SUPPLIED RECORDS:
######

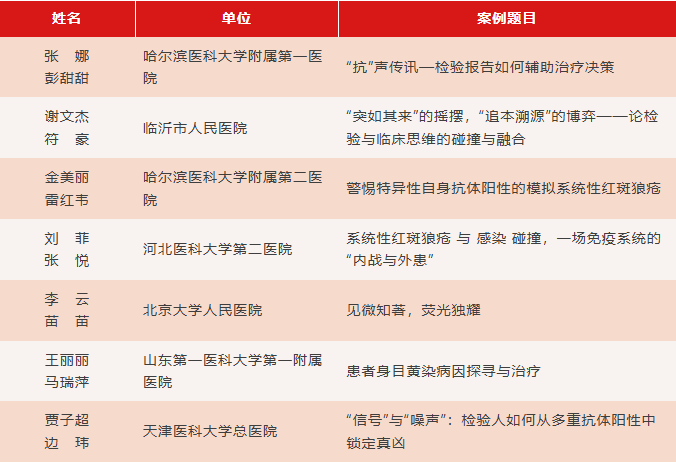 參與北區(qū)展示的18組案例涵蓋多臨床科室,案例分析深入、細(xì)節(jié)豐富,檢驗(yàn)人以實(shí)驗(yàn)數(shù)據(jù)為臨床決策“導(dǎo)航”,突顯出實(shí)驗(yàn)室檢測在自身免疫性疾病診斷中的重要價值。臨床醫(yī)生通過縝密的臨床思維破解診斷迷局,檢驗(yàn)與臨床協(xié)作默契,環(huán)環(huán)緊扣,生動詮釋了檢驗(yàn)分析與臨床實(shí)踐的深度融合。
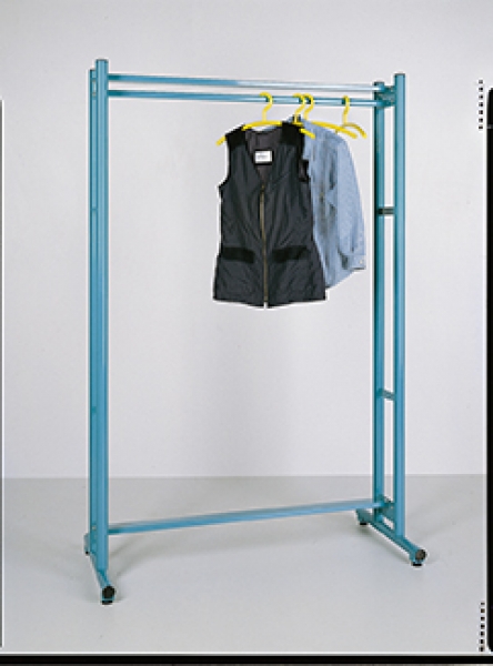Ideal in Bereichen, in denen wandbefestigte Garderoben nicht möglich ist. Garderobe aus Rundrohr, Durchmesser 40 cm, mit Gleitfüßen und Kleiderstange.
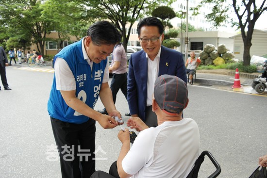 박 전 원내대표는 이날 대덕종합복지관(읍내동 용화사 입구)과 한마음노인복지관(법2동 한마음아파트)을 방문해 "새정치민주연합이 기초노령연금을 차별 없이 혜택 드릴 수 있도록 노력하겠다"며 "박영순에게 대덕구와 대전을 위해 바칠 수 있는 기회를 달라"고 지지를 호소했다.
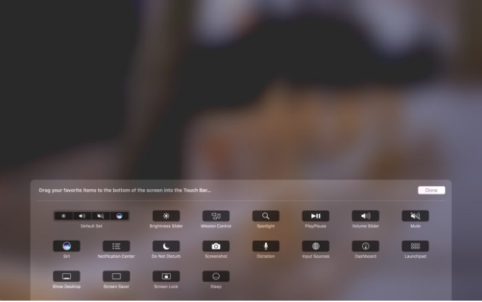 If you want to remove a tool from the Control Strip on your MacBook Pro, you can move the cursor into the Touch Bar and select a tool to remove it from the Control Strip. Simply click on a tool on the Controls Strip and drag it to a new location on the Touch bar to rearrange the order. Finally, once you’re finished with customizing your Control Strip, click Done and your changes will be saved.
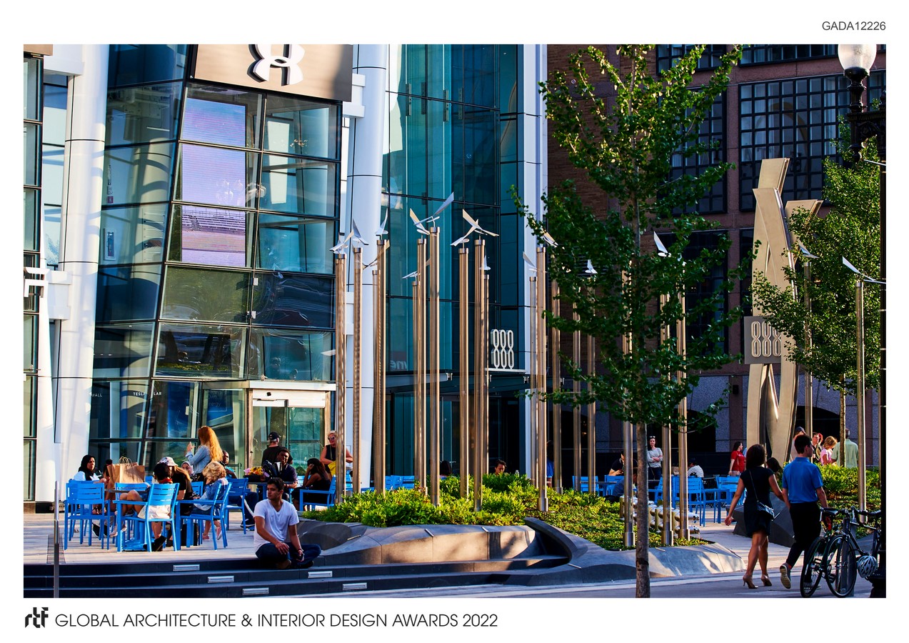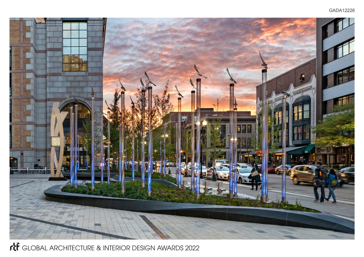 Together these light vanes transform this important urban plaza into a living wind diagram. The plaza provides a unique character to the Prudential retail complex, and has quickly become an epicenter for civic events, dining, and public performances. Designed in conjunction with the new LEED Platinum 17-story 888 Boylston Street building, this plazaโs integrated landscape systems utilize clean energy and irrigation water collected on the siteโs green roofs, rain gardens, wind turbines and solar panelsโsetting the stage for the most sustainable office building in New England.
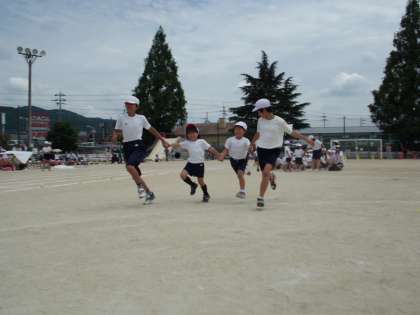 6年生が1年生と手をつなぎ一緒にリレーをしました。
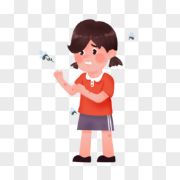 手绘卡通夏天女生被蚊虫叮咬免抠素材
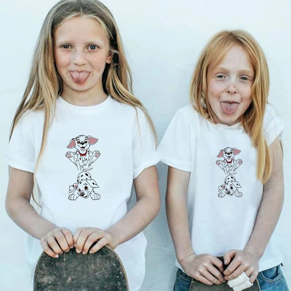 Disney 101 далматинец футболка женская обувь, Новый Винтажный стиль, маленький пятнистый Dogr принт в стиле Харадзюку для детей футболок для всей семьи семья сот ветствующие, одежда
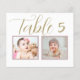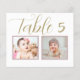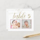 Elegant and unique custom wedding table number cards feature childhood photos of the bride and groom at an age that corresponds with the table number. To customise: type in the table number, click "change" by the default photos to upload your own digital or scanned photos, and add that individual table number card to your shopping cart. Repeat for all of the table numbers that you need.
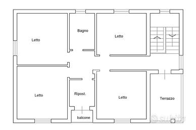 L'ingresso si apre sul vano scala che ci porta al primo piano. Al piano troviamo soggiorno e cucina separati, due camere da letto matrimoniali, il bagno ed un locale uso ripostiglio.
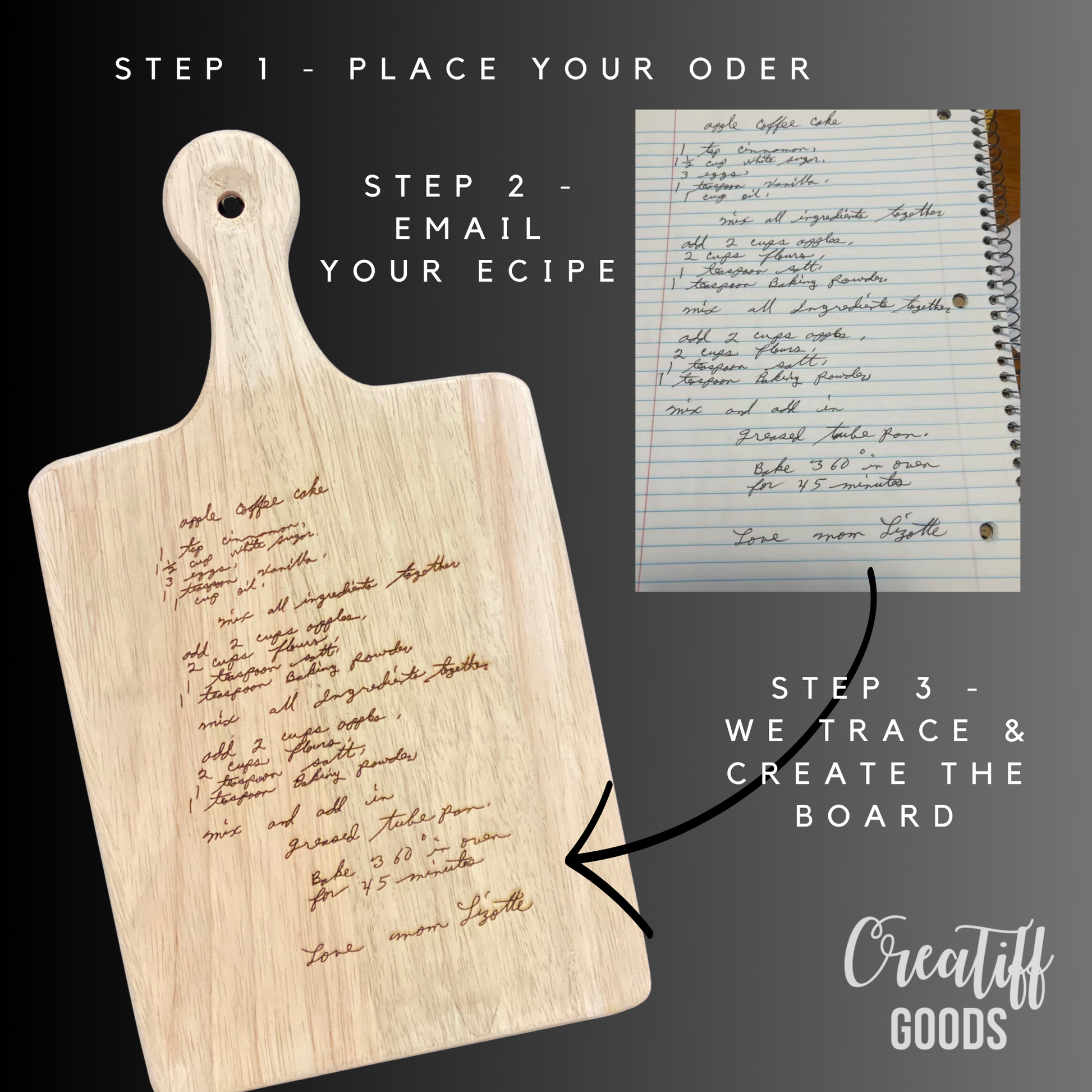 Simply choose your board style, snap a photo of your handwritten recipe, and email it our way.
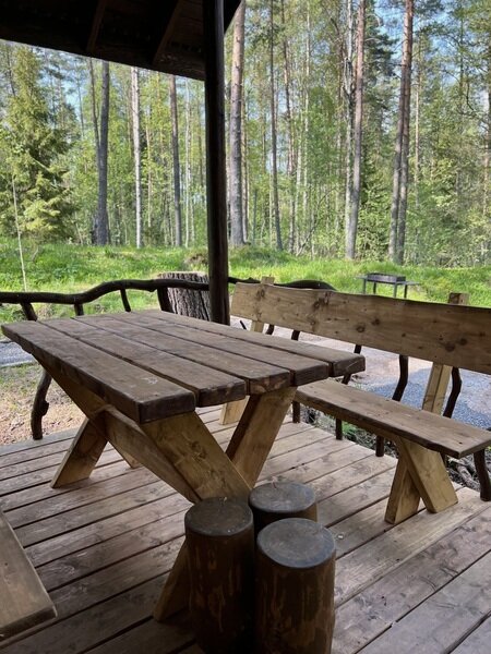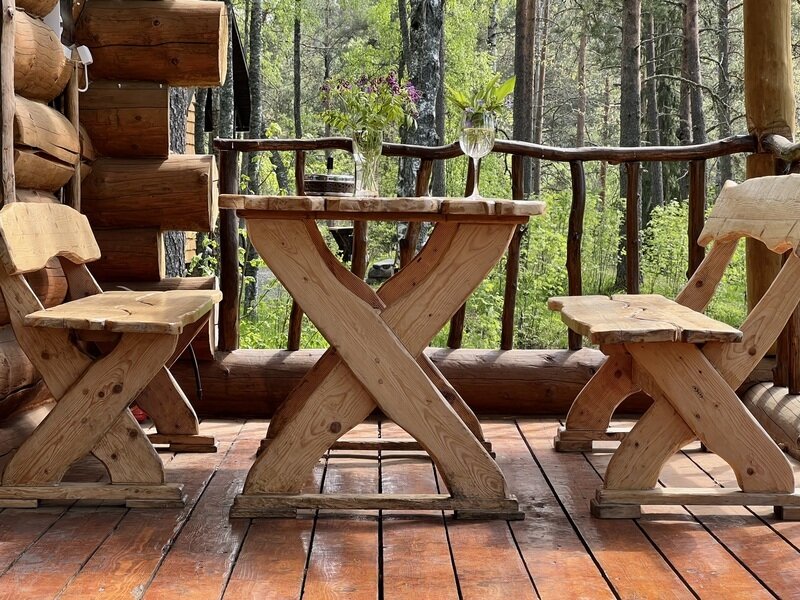 Так же для Вас большая открытая панорамная веранда со столом и скамейками ручной работы.
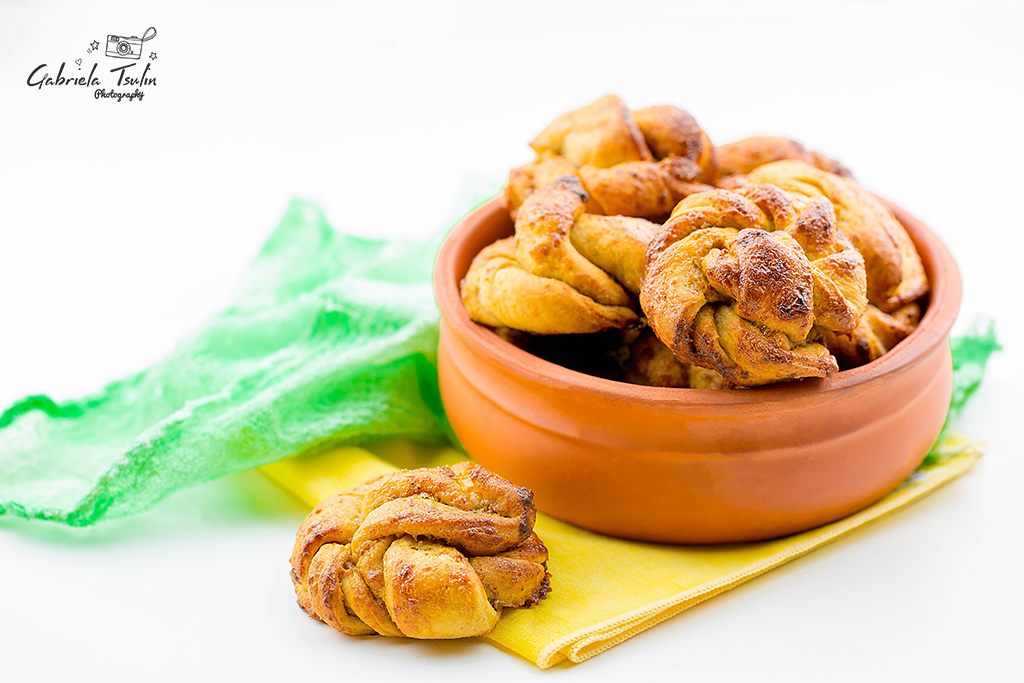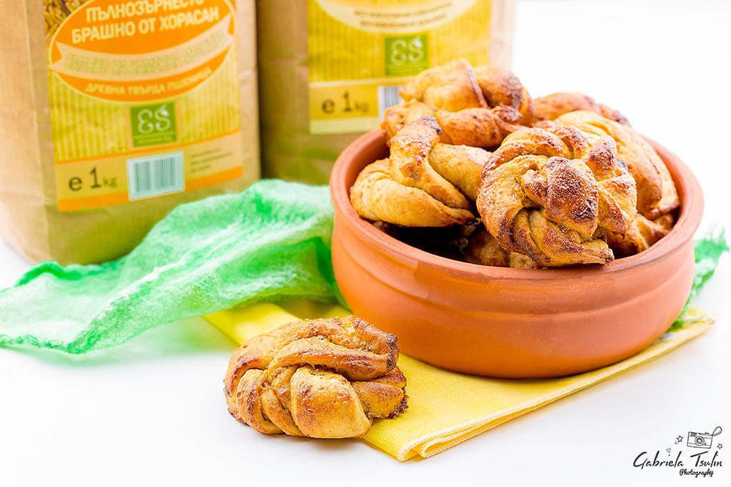 Много исках да приготвя плънка от тахан халва и краве масло – нещо, което никога не съм приготвяла. Реших да направя подобни на Козуначените кълбета, като този път тестото не е козуначено. Използвах един нов вид брашно за мен – брашно от хоросан, смляно в каменна мелница.
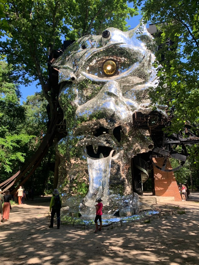 Fährt man von Fontainebleau in Richtung Chartres, so findet sich ein unaufgeregt kleines Schild am Strassenrand mit dem Hinweis auf dieses wundervolle Kunstwerk Tinguelys mitten im Bois de Pauvres bei Milly-la-Forêt. Da „Le Cyclop“ für mich eine persönliche Bedeutung hat und ich das Werk schon immer sehen wollte, biegen wir also nach rechts ab, parken das Auto, gehen noch 10 Minuten zu Fuss und dann steht er da in voller Grösse, sein Auge leuchtet und das von Niki de Saint Phalle komplett mit Spiegeln verzierte Gesicht ist schon von weitem durch die alten Bäume zu sehen. Was für ein erhabener Moment: LE CYLOP (oder auch „Le Monstre“ oder „La Tête“) steht vor uns in voller Grösse, das sind immerhin imposante 22.5 m. Das grosse Tor öffnet sich um 10.30 Uhr und wir haben sofort die Möglichkeit einer Führung (mit einem jungen und hochmotivierten Mann) durch das Innere der Skulptur. Der Cyclope entstand zwischen 1969 und 1994 unter Beteiligung vieler Beiträge von Freunden aus Tinguelys „Kunstfamilie“ – Daniel Spoerri, Jean-Pierre Raynaud, Eva Aeppli, César, Arman sowie vielen anderen internationalen Künstlern und natürlich Niki de Saint Phalle. Besonders erwähnenswert ist der ebenfalls Schweizer Künstler Bernhard Luginbühl, von dem das riesige Ohr der monumentalen Skulptur stammt. Seit 1987 ist die Skulptur im Besitz des Staates, der sich nun auch um den Erhalt kümmert. Nach zwei Jahren Schliessung aufgrund Restaurierung und Corona ist er nun wieder zugänglich, dieser wunderbare Cyclope inmitten des Waldes.
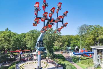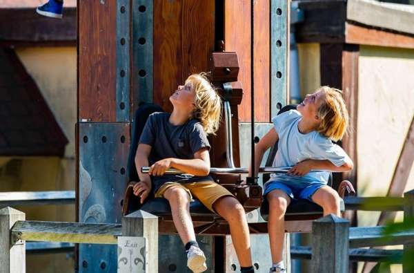 Nehme Platz und ziehe dich mit eigener Muskelkraft bis zu neun Metern an der Kerze hoch. Während die Kerze sich langsam dreht, schaust du von oben auf Wonderland und Rick’s Abenteuerburg herab. Nur für Schwindelfreie!

######

REQUIRED WORK: In the listing above, find the line holding "Disney 101 далматинец" and the line holding "Много исках да". Reproduce those two lines and all between them exactly, leaving out pictures.

TASK RESULT:
 Disney 101 далматинец футболка женская обувь, Новый Винтажный стиль, маленький пятнистый Dogr принт в стиле Харадзюку для детей футболок для всей семьи семья сот ветствующие, одежда
 Elegant and unique custom wedding table number cards feature childhood photos of the bride and groom at an age that corresponds with the table number. To customise: type in the table number, click "change" by the default photos to upload your own digital or scanned photos, and add that individual table number card to your shopping cart. Repeat for all of the table numbers that you need.
 L'ingresso si apre sul vano scala che ci porta al primo piano. Al piano troviamo soggiorno e cucina separati, due camere da letto matrimoniali, il bagno ed un locale uso ripostiglio.
 Simply choose your board style, snap a photo of your handwritten recipe, and email it our way.
 Так же для Вас большая открытая панорамная веранда со столом и скамейками ручной работы.
 Много исках да приготвя плънка от тахан халва и краве масло – нещо, което никога не съм приготвяла. Реших да направя подобни на Козуначените кълбета, като този път тестото не е козуначено. Използвах един нов вид брашно за мен – брашно от хоросан, смляно в каменна мелница.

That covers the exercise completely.